Die Vergütung für jeden Urlaubstag beläuft sich auf 213,80 EUR.
Der Kläger war seit Ende 2009 durchgehend bis zur Beendigung des Arbeitsverhältnisses am 28.02.2011 arbeitsunfähig krank. Zwischen den Parteien ist streitig, ob der Kläger ab dem 01.03.2011 arbeitsfähig war. Mit der letzten Vergütungsabrechnung für den Monat Februar 2011 (Bl. 6 d.A.) rechnete die Beklagte Urlaubsabgeltung für 23,5 Urlaubstage ab. Hierbei handelte es sich um den gesetzlichen Urlaubsanspruch für 2010 in Höhe von 20 Urlaubstagen sowie den anteiligen gesetzlichen Urlaubsanspruch für das Jahr 2011 in Höhe von 3,33, aufgerundet 3,5 Urlaubstage.
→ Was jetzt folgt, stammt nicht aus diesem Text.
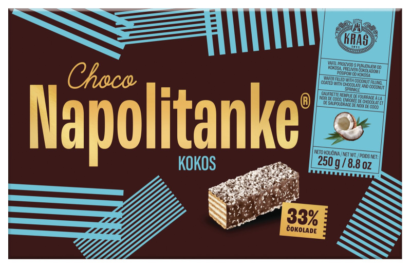 Čokoladne napolitanke, s kokosom, Kraš, 250 g

Die sich aus der Abrechnung ergebende Auszahlung nahm die Beklagte vor.
Mit Schreiben vom 16.03.2011 (Bl. 7 – 8 d.A.) verlangte der Kläger Urlaubsabgeltung für 30 Arbeitstage für das Jahr 2010 und 5 Arbeitstage als anteiligen Urlaub für das Jahr 2011. Unter Anrechnung des von der Beklagten abgegoltenen Urlaubs errechnete er seinen Anspruch bei 11,5 abzugeltenden Urlaubstagen mit 2.458,70 EUR. Diesen Anspruch verfolgt er mit seiner am 18.04.2011 beim Arbeitsgericht Detmold eingegangenen Klage weiter, nachdem die Beklagte mit Schreiben vom 23.03.2011 eine entsprechende Zahlung abgelehnt hatte.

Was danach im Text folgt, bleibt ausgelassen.